You should not take Movex together with anticoagulants or glucocorticoids - as a result of a chemical reaction, dangerous components are formed that cause abnormalities in the body's functioning.
Analogs
Movex is a fairly expensive product that is not supplied to all pharmacies. There are its complete analogues, which are no less effective. You can always replace this drug:
- Actinak 100;
- Remisid;
- Ameolin;
- Indomethacin;
- Ketonal.
Remisid
Indomethacin
Ketonal
Reviews
Vasily, 44 years old, Volgograd “When I underwent a health examination, a specialist said that I was developing osteochondrosis. I didn’t think much of it right away, but after a few months I encountered serious pain. I consulted a doctor who advised me to take a course of Movex. After only 3 months I was able to return to a full-fledged lifestyle and got rid of constant nagging pain. I recommend this product to everyone, it really works.”

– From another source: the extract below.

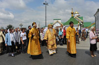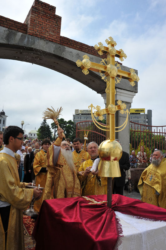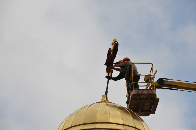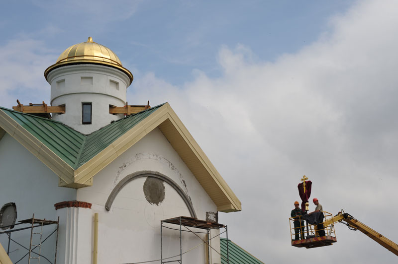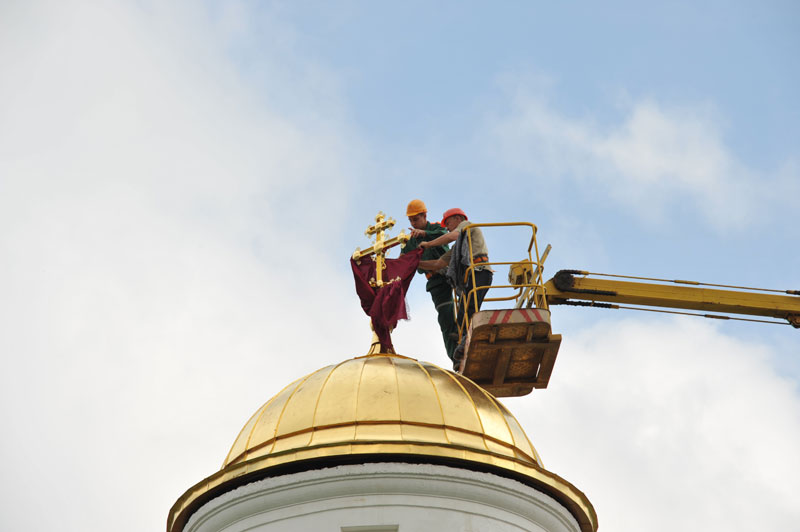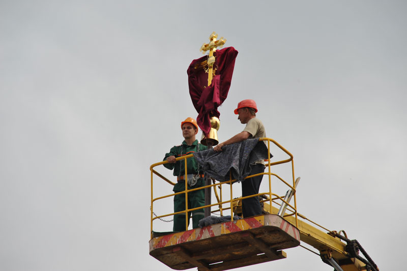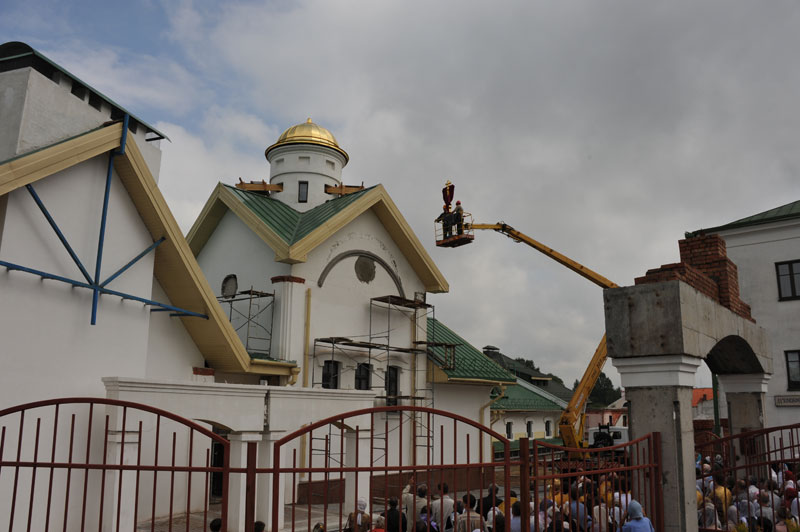 4 июля 2010 года. Освящение и установка креста на купол храмовой части Духовно-образовательного центра Белорусской Православной Церкви 4 июля 2010 года

Igor, 36 years old, Voronezh “Several years ago I broke my leg and could not recover for a long time. Even after complete fusion, I continued to limp due to discomfort. The doctor advised me to take Movex. I took these pills for about 3 months, but after a few weeks I felt significant relief. By the first month I was free of pain at rest, and by the end of the second month I was free of discomfort during active activities. The only thing I didn’t like was a slight heartburn after use.”
Overdose
It is possible to reduce side effects.
Symptoms:
There is no typical clinical picture with an overdose of diclofenac. In case of an overdose, the following symptoms may occur: headache, fatigue, vomiting, pain in the epigastric region, gastrointestinal bleeding, diarrhea, confusion, disorientation, awakening, coma, drowsiness, ringing in the ears, uneasiness or judge. In cases of severe illness, acute nicotine deficiency and liver damage may develop.
Likuvannya
Acute withdrawal of non-steroidal anti-inflammatory drugs, including diclofenac, requires supportive visits and symptomatic treatment of conditions such as arterial hypotension, nitric deficiency, vascular disease, damage to the side of the colon. kovy tract, depressed diet. Carrying out special treatments, such as phosphorus diuresis, dialysis or hemoperfusion, does not facilitate the rapid elimination of NSAIDs from the body due to the high level of protein binding and extensive metabolism. In cases of potentially toxic overdose, it is necessary to stagnate the active vugill; In case of potentially unsafe overdose for life, evacuate instead of the tube (click vomit, flush the tube).